The show opened with relaxed silhouettes and effortless holiday dressing. Models wandered through a Sicilian-inspired landscape in swimwear, open robes, lightweight tailoring, and crochet knitwear. Did it feel slightly theatrical? Yes! Did we all still enjoy it? Yes! The actual runway show presented an array of oversized jackets, knitted shorts, retro-patterned T-shirts, and soft tailoring that captured the spirit of a bygone Mediterranean getaway.
Particularly enjoyable part of the collection was its embrace of decoration that has been there for the past seasons every time more daring than before.
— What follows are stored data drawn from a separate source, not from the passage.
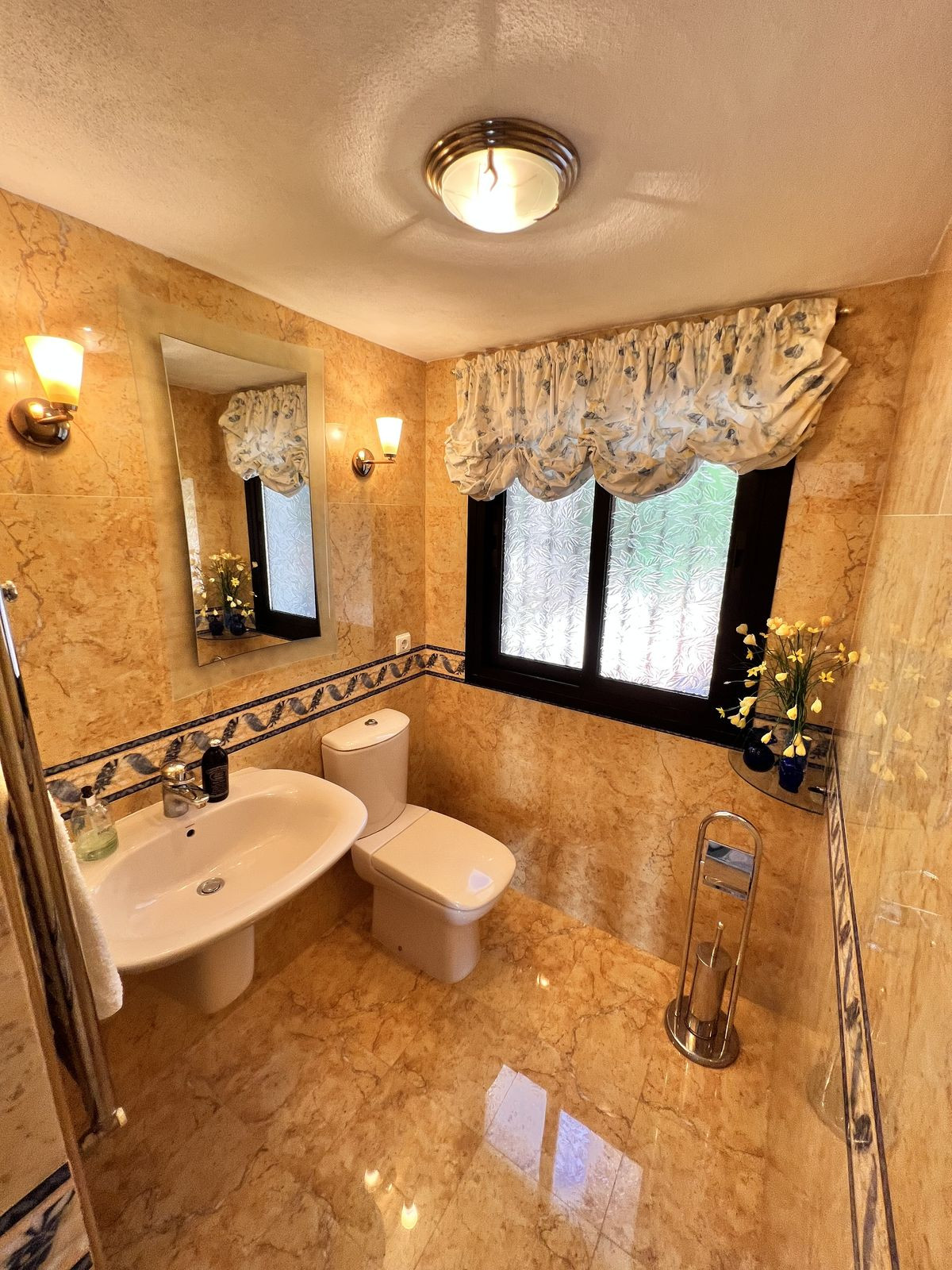 To the back of the kitchen, via stable doors, is access to a delightful and spacious courtyard with a cactus garden, a large tiled wall mural, and additional storage and access to the garage. Returning to the villa, there is a Master bedroom with fitted bespoke furniture, a walk-in dressing room, and an en suite bathroom. There is also access to the terrace. Off the dining area is a lovely covered terrace with fabulous views including built-in seating with a marble-topped table and steps leading to the garden and pool. From this terrace is a lift with direct access to the level below.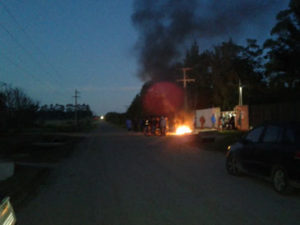 La manifestación comenzó a las 6 de la mañana en los portones principales del frigorífico donde los trabajadores, acompañados por el sindicato, decidieron cerrar los portones y encender fuego.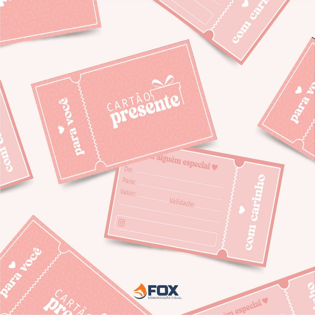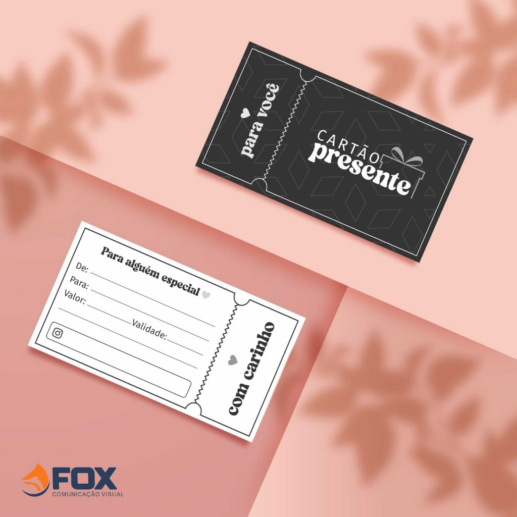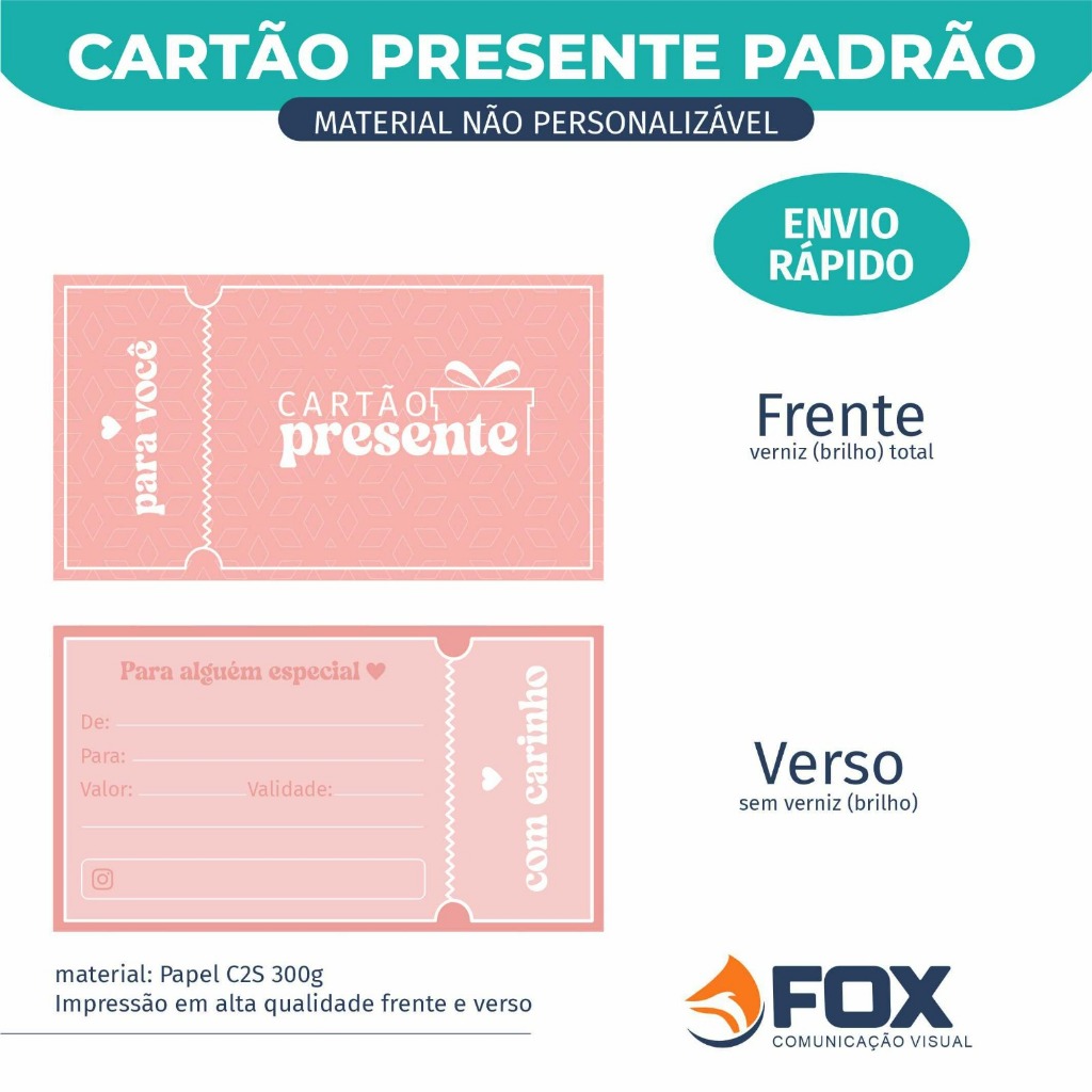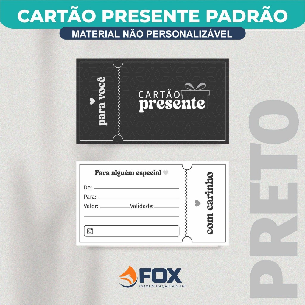 Vale Presente Padrão C2S 300g Frente e Verso | Cores Preto ou Rosê | 50, 100 ou 200 Unidades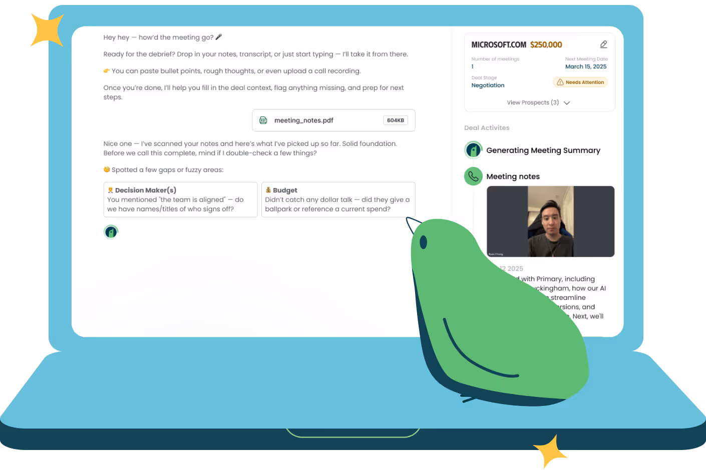 Drop in a call transcript, email thread, or your notes. Chirp will break down the deal, highlight risks, check ICP fit, and show what to do next.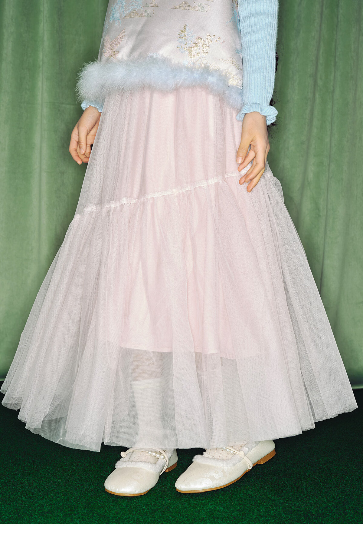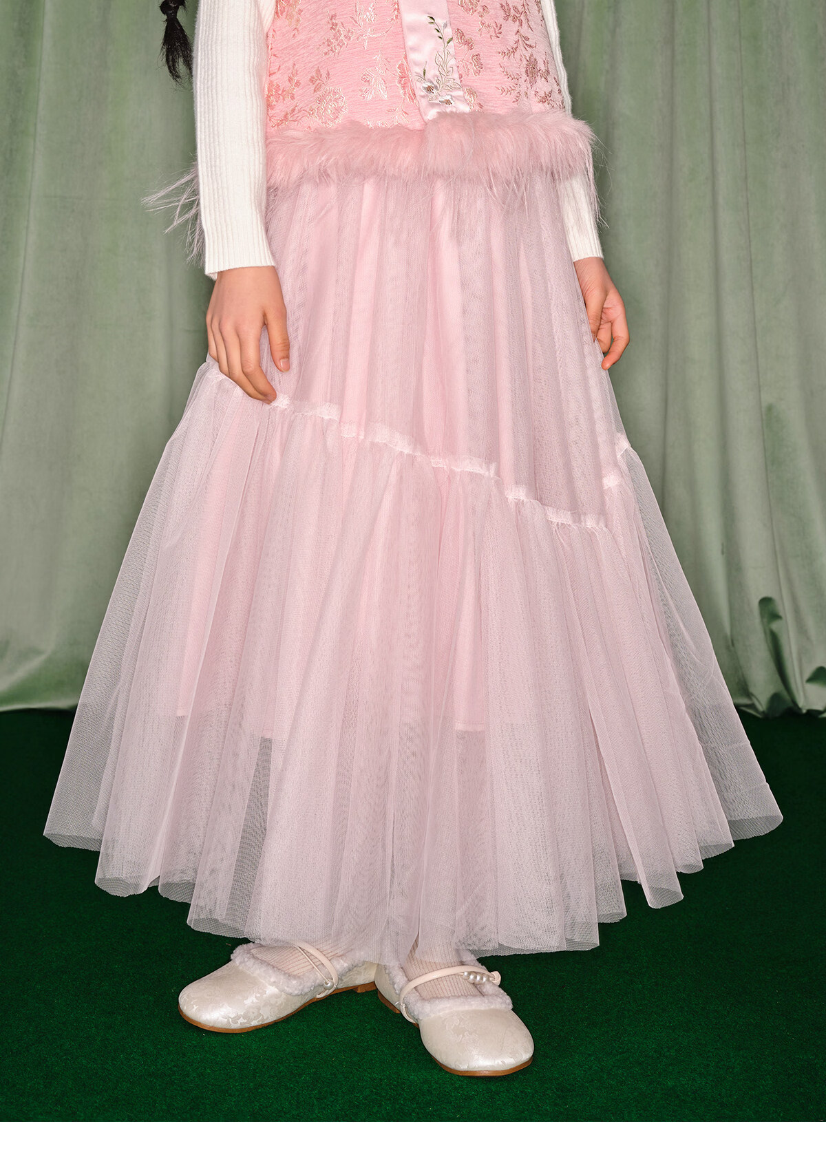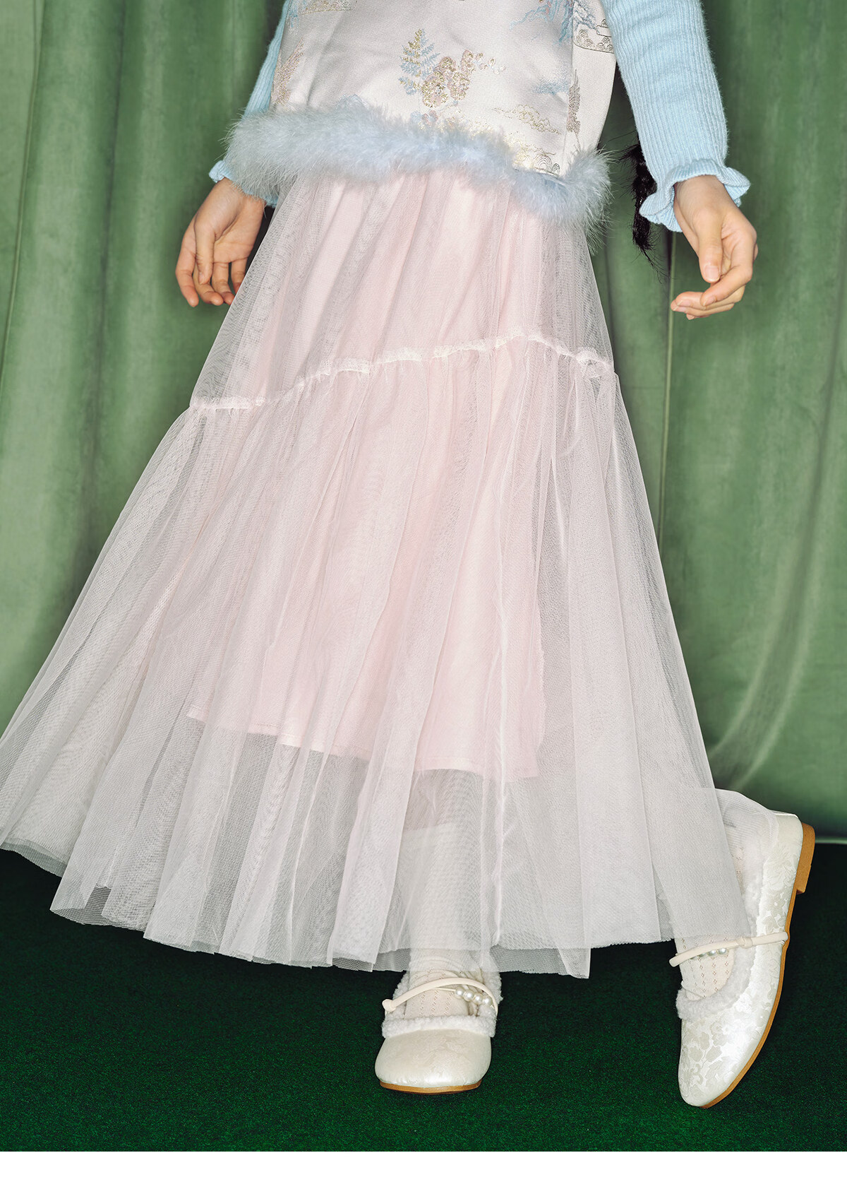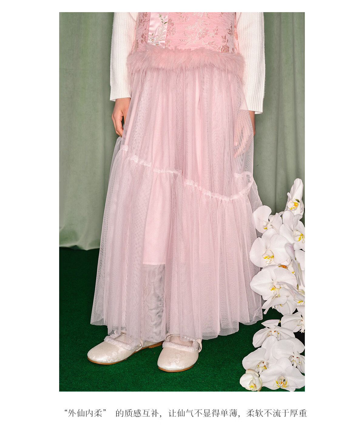 淘町女童半身裙女童秋冬新款A字长裙纱裙大童女孩公主风国风裙子 粉色 流动网纱仙女裙 170 /L|105-120斤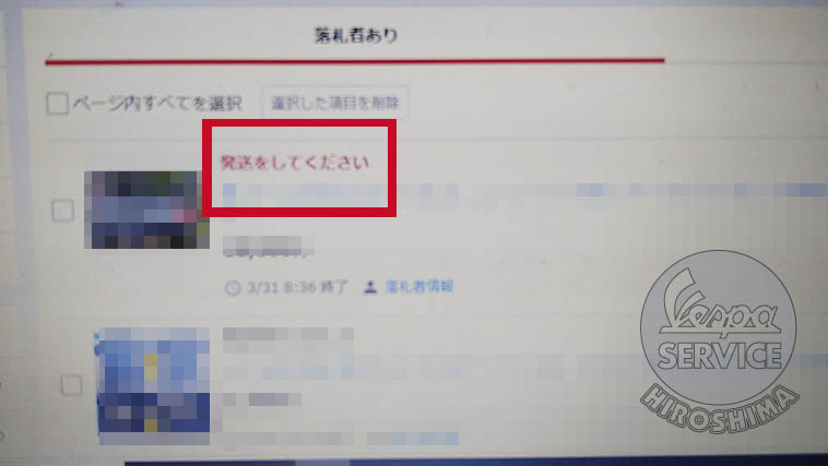 『落札者から支払いが行われました。商品を発送してください。』の文字の下に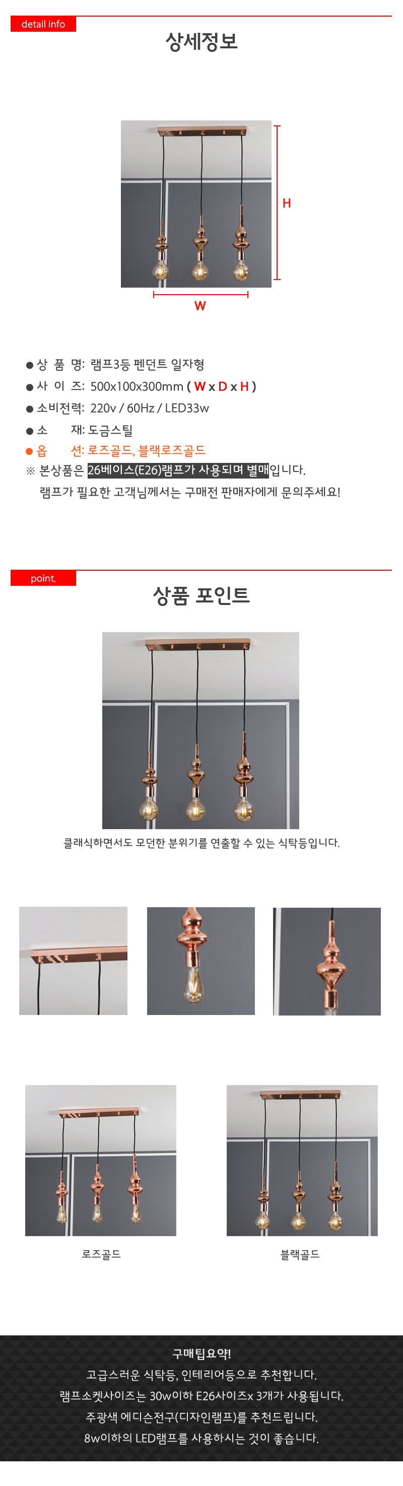 <상품명 : 램프3등 펜던트 일자형 33W LED 11Wx>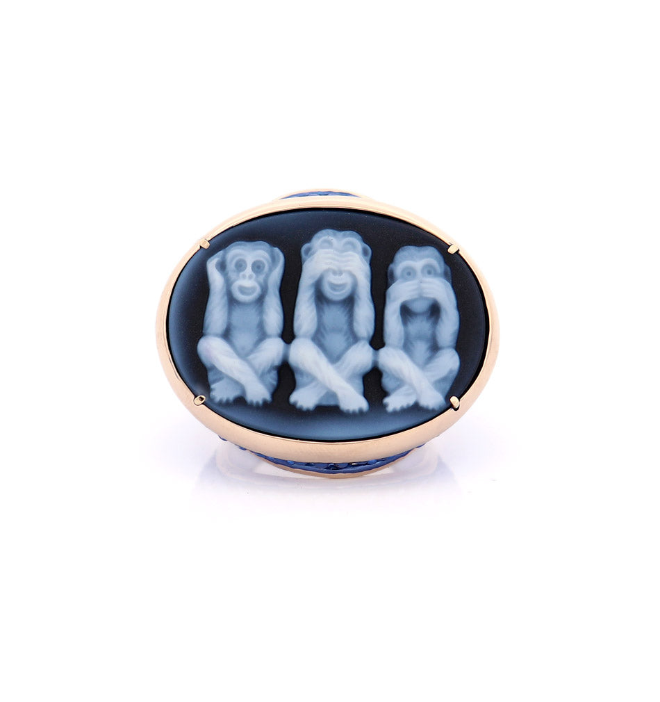 Questo eccezionale pezzo raffigura le "Tre Scimmie Sagge", l'intramontabile proverbio giapponese: non vedere il male, non sentire il male, non parlare del male. Il cammeo è una testimonianza di maestria artigianale, con ogni scimmia finemente scolpita nei minimi dettagli, incarnando saggezza, consapevolezza ed equilibrio.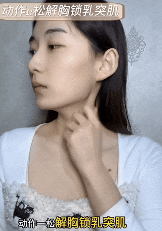 → 从耳后到下锁骨,沿着这条肌肉轻轻按揉、提捏,像在"揉面团"一样。

Postcard prints, lemon motifs, colourful embellishments, and sparkling stones appeared throughout, often in unexpected combinations. The standout look featured a T-shirt printed with a religious mosaic image of Christ, its surface reproducing the texture and depth of Sicilian church mosaics. It felt quintessentially Dolce & Gabbana: devotional, dramatic, and deeply rooted in the visual culture of Southern Italy. Another one was definitely a denim set elevated through vibrant embellishment. Belts glistened with jewel-like buckles and sequins brought a sense of occasion even to the most relaxed looks.
The collection concluded in an unexpected all-white finale. It was a chic and surprisingly restrained ending to a collection otherwise built on colour, texture, and embellishment. More than anything, Vacanze Siciliane felt like an invitation to Sicily – to slow down, dress up, and embrace the romance of summer. Get your bags ready, I guess!